### PROBLEM DESCRIPTION
Nothing but the lines from the one containing "نصحت شركة المياه" through the last line of the data below should be returned, each exactly as it stands, pictures excluded.

### RECORDS FOR THIS EXERCISE
Segment Open

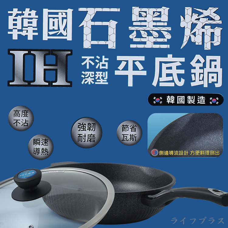 韓國製造品質安心,採用最新合金精工製作,採用石墨烯不沾塗層耐用不沾處理,導熱更均勻,煎煮食材只需少許油,達到不沾鍋身抗黏OK,不易粘黏食材,易清洗 ,傳熱快且均勻,省油,省瓦斯,深型化設計料理食物好鍋具,超厚導磁適用IH電磁爐、瓦斯爐、電爐、紅外線爐、鹵素爐,不挑爐的好鍋。
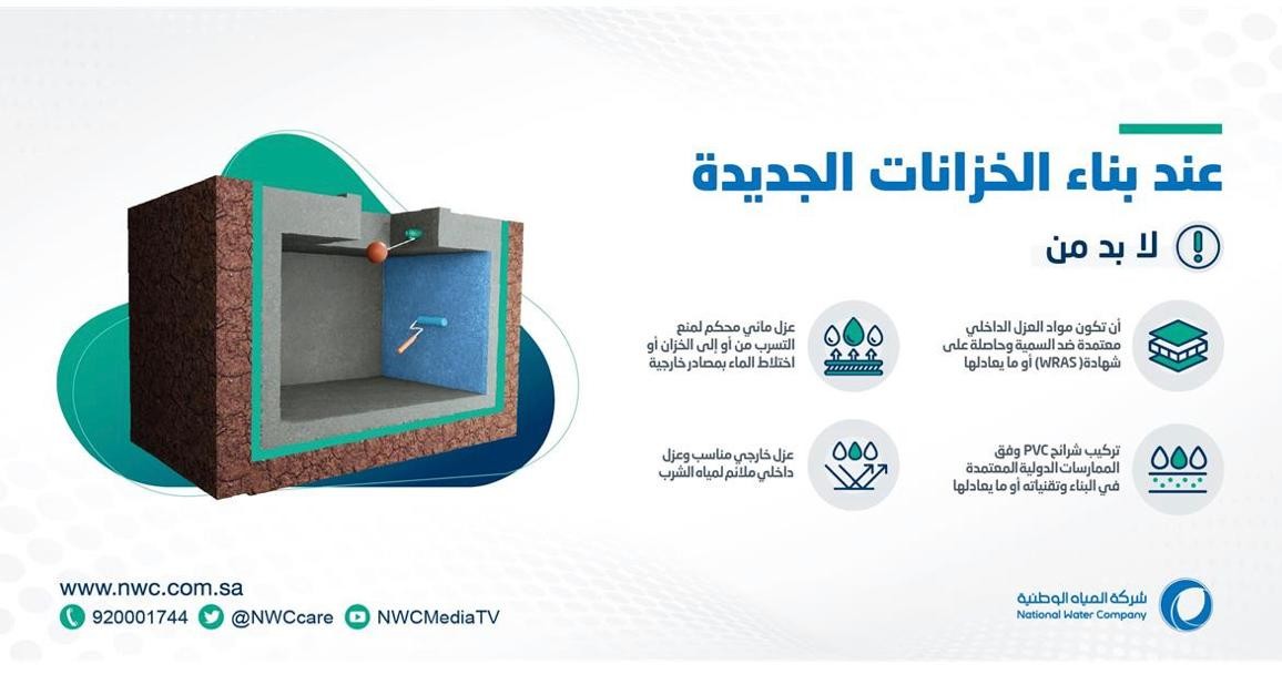 نصحت شركة المياه الوطنية، بضرورة توفر واعتماد 4 اشتراطات عند بناء خزانات مياه أرضية جديدة.
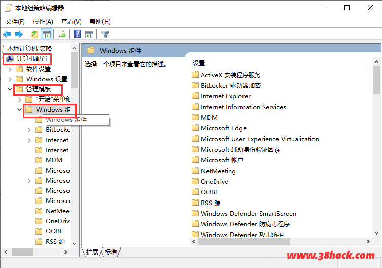 2,进入本地组策略编辑器界面,依次展开“计算机配置”——>“管理模块”——>“Windows组件”,下一步。
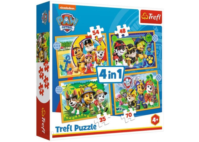 Яскраві і барвисті пазли Відпочинок Щенячий патруль 4в1 на 35, 48, 54 і 70 елементів. Виготовлені з якісного, щільного картону. Розвивають логічне мислення, дрібну моторику рук, посидючість.
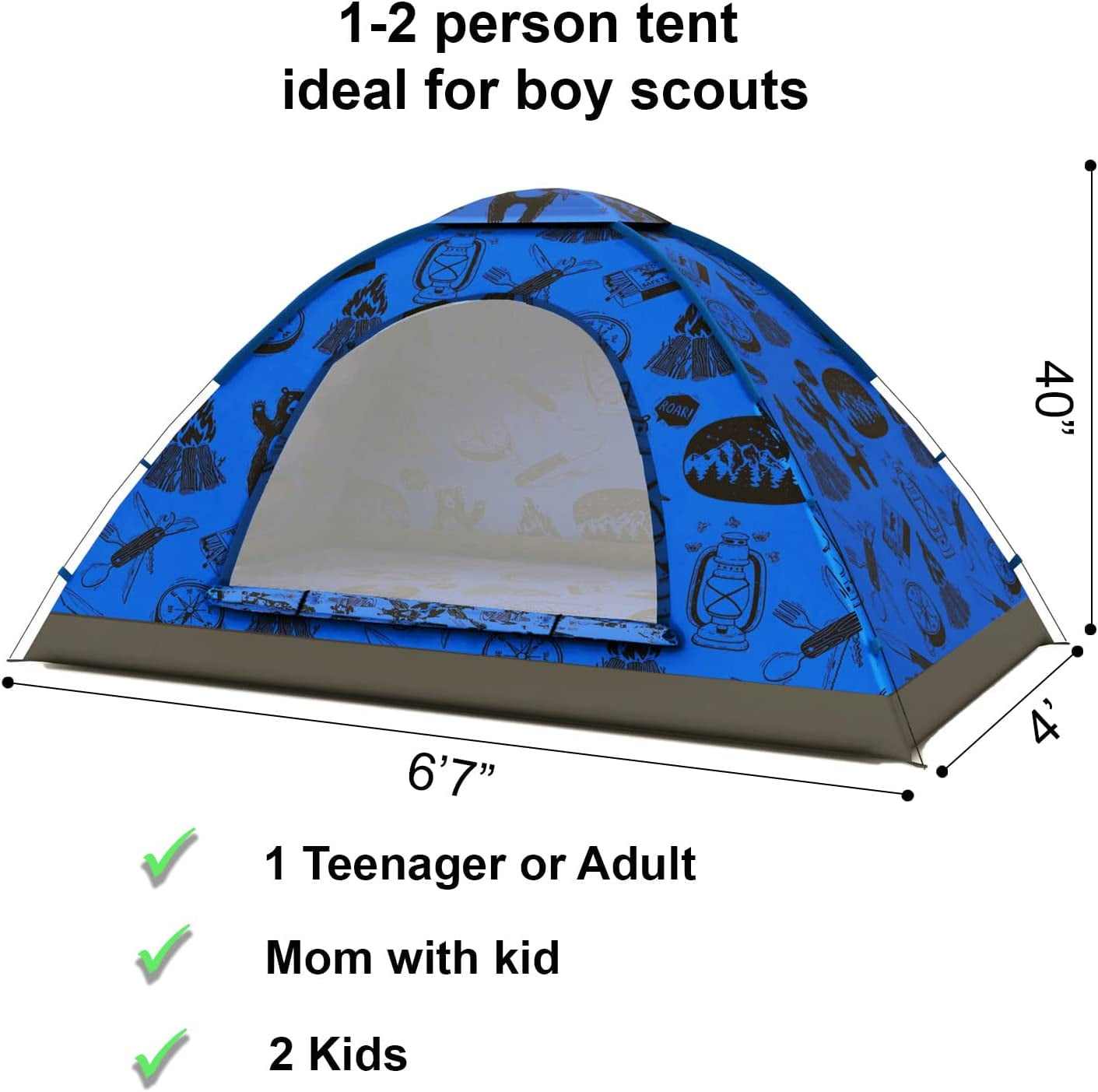 Adventure Theme Camping Tent: The blue Adventure Kids Tent belongs to our Kidz Adventure family, a product line specifically designed to bring more fun to our little ones. The kid’s tent features lovely characters of little forest bear, campfire, compass and camping lantern, etc. The kids are best at their imaginations. Whether indoor or outdoor, they are going to love playing with these cute friends! The tent can be used as a real outdoor tent for camping or an indoor kids’ play tent. It measures 6’7″ x 4′ x 40″ which is suitable for 1-2 people (1 teenager/adult, or 2 kids, or mom/daddy with kid). When folded, this ultra-compact backpacking tent measures only 16″ long, which is extremely portable. Moreover, it has basic rain protection features (but not for heavy rain) including a large rainfly, water-resistant 190T Polyester fabric with silver coating, and 210D waterproof oxford bottom.

Segment Closed

### TASK SOLUTION
 نصحت شركة المياه الوطنية، بضرورة توفر واعتماد 4 اشتراطات عند بناء خزانات مياه أرضية جديدة.
 2,进入本地组策略编辑器界面,依次展开“计算机配置”——>“管理模块”——>“Windows组件”,下一步。
 Яскраві і барвисті пазли Відпочинок Щенячий патруль 4в1 на 35, 48, 54 і 70 елементів. Виготовлені з якісного, щільного картону. Розвивають логічне мислення, дрібну моторику рук, посидючість.
 Adventure Theme Camping Tent: The blue Adventure Kids Tent belongs to our Kidz Adventure family, a product line specifically designed to bring more fun to our little ones. The kid’s tent features lovely characters of little forest bear, campfire, compass and camping lantern, etc. The kids are best at their imaginations. Whether indoor or outdoor, they are going to love playing with these cute friends! The tent can be used as a real outdoor tent for camping or an indoor kids’ play tent. It measures 6’7″ x 4′ x 40″ which is suitable for 1-2 people (1 teenager/adult, or 2 kids, or mom/daddy with kid). When folded, this ultra-compact backpacking tent measures only 16″ long, which is extremely portable. Moreover, it has basic rain protection features (but not for heavy rain) including a large rainfly, water-resistant 190T Polyester fabric with silver coating, and 210D waterproof oxford bottom.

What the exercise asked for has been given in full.